Collected data ▸
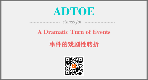 以上为A Dramatic Turn of Events英文缩略词ADTOE的中文解释,以及该英文缩写在英语的流行度、分类和应用领域方面的信息。
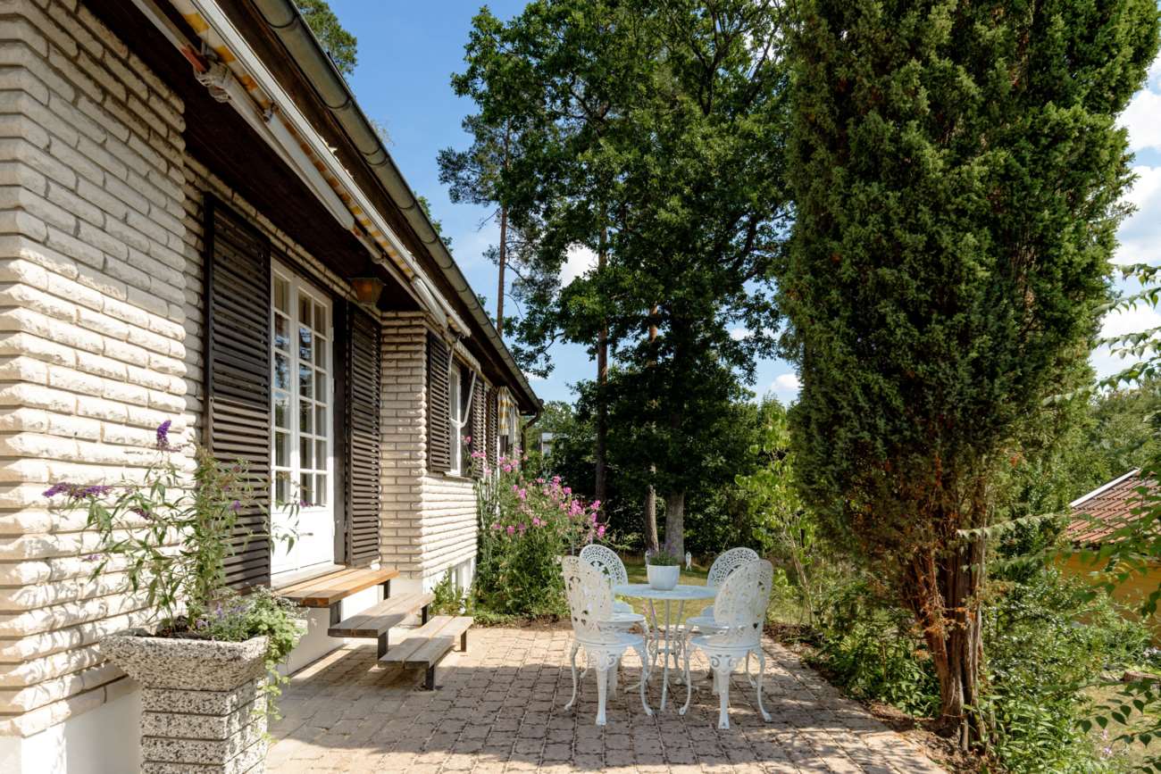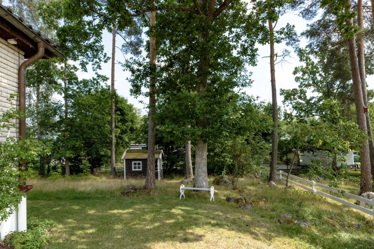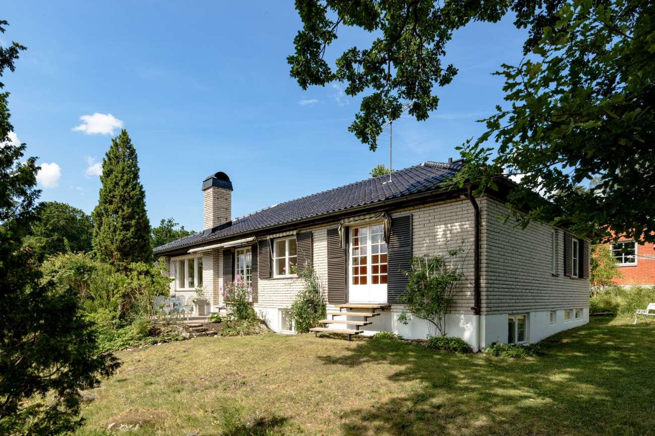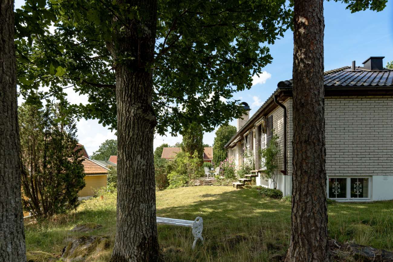 Trädgården är uppvuxen med buskar, grönska och rabatter, och flera uteplatser gör det enkelt att hitta en plats i solen. Garage i anslutning till huset.
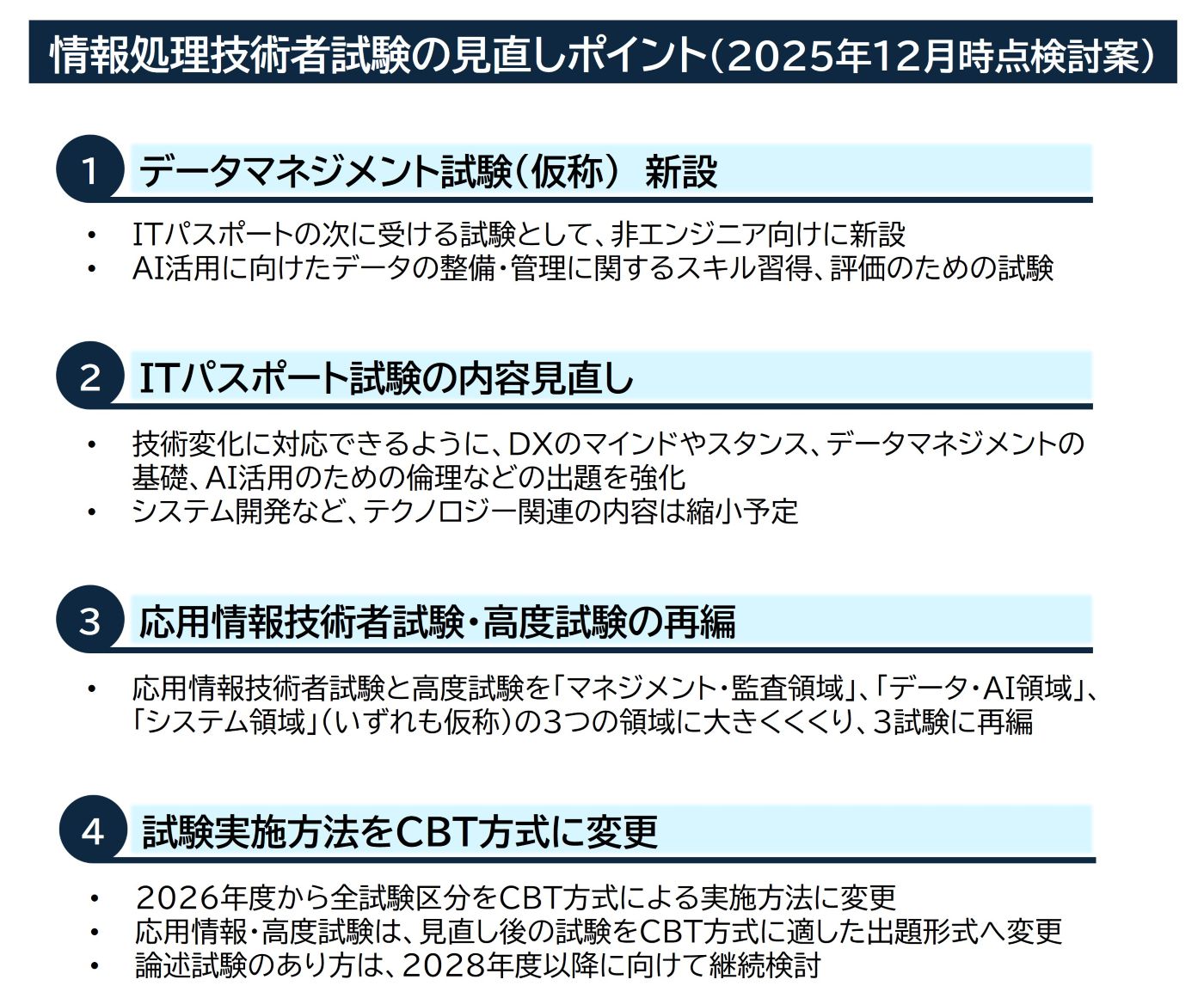 「マネジメント・監査」、「データ・AI」、「システム」(いずれも2025年12月時点の仮称)の3つの領域に大きくくくり、3試験に再編

Exercise ▸ Word for word, repeat the lines of data above, omitting every picture.

Exercise answer ▸
 以上为A Dramatic Turn of Events英文缩略词ADTOE的中文解释,以及该英文缩写在英语的流行度、分类和应用领域方面的信息。
 Trädgården är uppvuxen med buskar, grönska och rabatter, och flera uteplatser gör det enkelt att hitta en plats i solen. Garage i anslutning till huset.
 「マネジメント・監査」、「データ・AI」、「システム」(いずれも2025年12月時点の仮称)の3つの領域に大きくくくり、3試験に再編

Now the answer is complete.